Dude is also 235lbs w/ no fat and very athletic.


----------



## Amareca (Oct 21, 2002)

Q is 6'6 1/4 in shoes with very long arms. Over 7' wingspan.


----------



## CrookedJ (May 8, 2003)

> Originally posted by <b>BigAmare</b>!
> Q is 6'6 1/4 in shoes with very long arms. Over 7' wingspan.


Definitly big enough to play SF, those long arms come in handy for his head fist tapping dealy.

What do you guys think you coul d get in the way of a big man for Marion??
Someone mentioned Chandler (BBS7)
That would work if you package Chandler with Mutombo.


----------



## Charlotte_______ (May 18, 2003)

Magic Johnson, I mean Joe


----------



## Blazer Freak (Jul 11, 2004)

Q played the 3 in LA. JJ should defiantly start. If he can continue to put up even close to 20/5/5 then he should definatly have the starting nod. Marion will get traded durign the seasonf or a big man.

BFreak.


----------



## azirishmusic (Feb 25, 2004)

A lot of Suns fans got on JJ's case early last season because Hardaway shot better and JJ's shooting had fallen to around 39% from the field. Of course the reason he was playing ahead of Hardaway was that Hardaway was terrible on defense.

JJ really came on after the Marbury trade and proved to be a solid player. He struggled a bit after teams began double teaming him, but still shot around 45% following the trade (finishing with an overall of 43%).

The key to JJ's offense is his mid range pull up jump shot. When Marbury was at PG, JJ never got the ball with enough time to make a move and was forced to take contested three pointers. Once Marbury was left, JJ began to look like the player many of us thought he would become.

I expect JJ to benefit almost as much as Marion from having Nash at the point. He should really strive playing off the ball with a great passer. At the same time, JJ's passing skills (well over 5 assists per game following the Marbury trade) should be a huge plus in the revised Suns offense.

IMHO Q will thrive as a sixth man. His style is radically different from either JJ or Marion, so he will give the Suns a great change of pace.
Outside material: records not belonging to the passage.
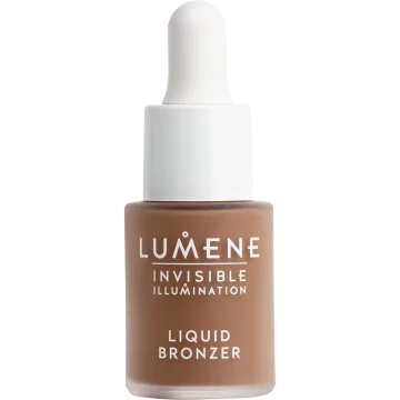 Lumene Invisible Illumination Liquid Bronzer är en flytande bronzer som ger huden en solkysst look. Lätt formula som återfuktar och innehåller återfuktande nordiska alger, lystergivande nordisk mjölkört och lugnande E-vitamin. Hjälper till att ge huden en mer strålande hud. Kan appliceras i flera lager för en mer intensiv nyans. 15 ml.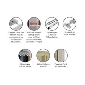 Guarda Roupa 4 Portas 3 Gavetas 159,2 cm com Vidro Reflecta Bronze Prime Luciane Móveis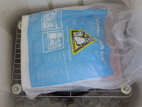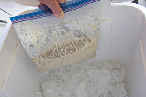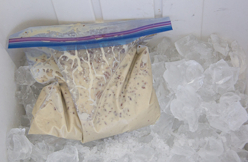When the custard was ready, we poured the very warm liquid into a gallon-size zip top bag and put it on ice to cool off for about 20 minutes.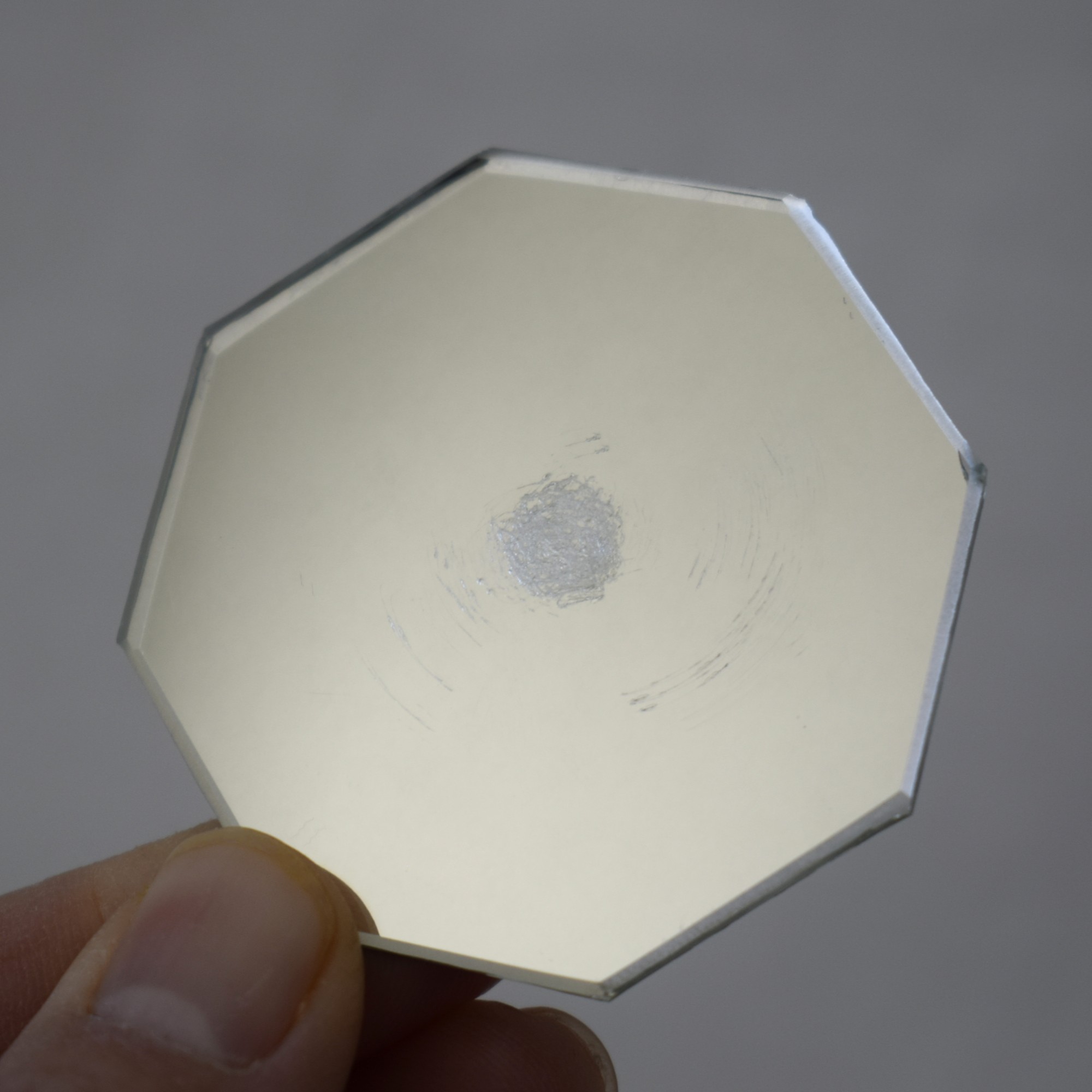 アクアブルーが更に映えるように、小さな六角形の鏡を一緒にお付けします。

At the same time, he will be used in matchup situations like against skinny shooting guards or when there is a need for offensive rebounds.

Q's overall game will need to develop if he wants to be a starter: more consistent outside shooting, better passing, more focus on defense, etc. However, he has a reputation for being a very hard worker, so I have no doubt his game will improve out of the deadly atmosphere of the Clippers.


----------



## HKF (Dec 10, 2002)

I have to question how anyone can seriously believe Quentin Richardson is better than Joe Johnson. Joe Johnson is a better scorer, shooter, defender, passer and arguably a better rebounder. 

If the Suns want to dump Johnson for Q, they are stupid as hell.


----------



## Starbury03 (Aug 12, 2003)

Q didnt play the three on the Clips. Maggs did and off the bench Barnes and Simmons played three. Isnt JJ 6'8 and pretty heavy what wrong with him at the three.


----------



## Arclite (Nov 2, 2002)

JJ is more than capable of playing the three, but because of his ball-handling ability and the Suns having Shawn Marion he gets most of his minutes as shooting guard. I think Joe was the only one who actually played all four positions more than just spot duty (at least when Amare was out and not counting KG bringing the ball down the floor twice a game, and "setting up" the offense).


----------



## Tersk (Apr 9, 2004)

JJ


----------



## Sánchez AF (Aug 10, 2003)

Casey Jacobsen


----------



## azirishmusic (Feb 25, 2004)

I think Q is going to be used at #2, #3, and #4 (small ball). Q is second only to Amare in the low block and may be very valuable against certain opponents at PF besides playing on the wing.

The key to his minutes will be Q's outside shooting. The Suns cannot really afford having him repeat his 39% shooting of last season.


----------